As the soldiers came stomping into the clearing, four women ran out of the front door and  threw themselves into a carriage, before rushing off toward  Port Gibson. And for the next 3 hours, Federal and rebel soldiers exchanged shots and artillery shells in the dark,  Commanders on both sides fed men into the fight, extending battle lines, leading charges and retreats because of perceptions rather than tactical knowledge. The fight was confused, loud and deadly, complicated because most of the men involved had no idea what their battlefield looked like.
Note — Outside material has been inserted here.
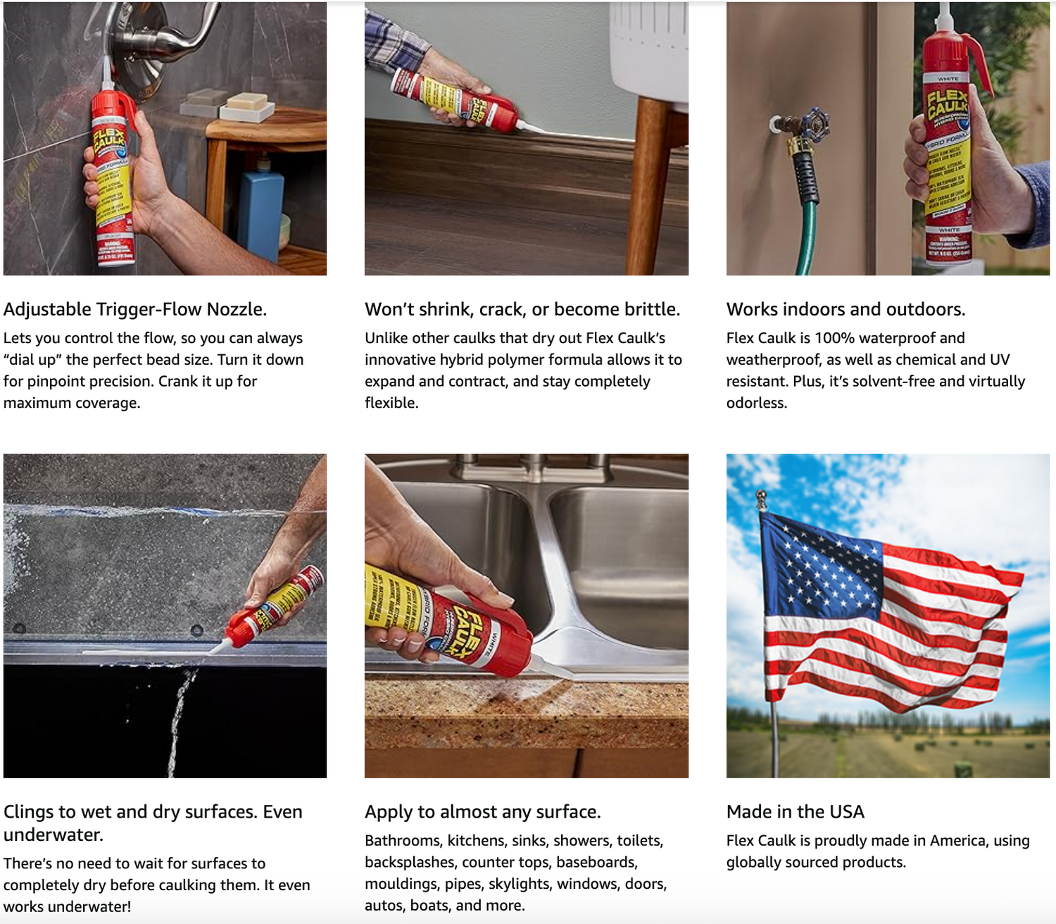 • Waterproof & Weatherproof: Designed to withstand the elements, Flex Caulk is perfect for both indoor and outdoor applications. It creates a waterproof seal that protects against moisture, rain, and extreme weather conditions.

It was not until after 3:00am that things began to quiet down, and Colonel Merrill and Lieutenant Colonel Dunlap and their Hawkeyes could get their first sleep in 24 hours.
Meanwhile, back on the river, the transports returned to Disharoon to load the men of 34 year old Brigadier General Eugene Asa Carr's division. By nightfall they would be joined in Mississippi by the division of 41 year old lawyer and Brigadier General Alvin Peterson Hovey - putting a total of 17,000 soldiers and 60 cannon ashore in a single day. It was a record not to be equaled by the U.S. Army until the invasion of French Morocco and Algeria in November of 1942.   But after being constrained for so long, Grant rushed the transfer of men and equipment to Bruinisburg, ordering that operations continue even after night fall.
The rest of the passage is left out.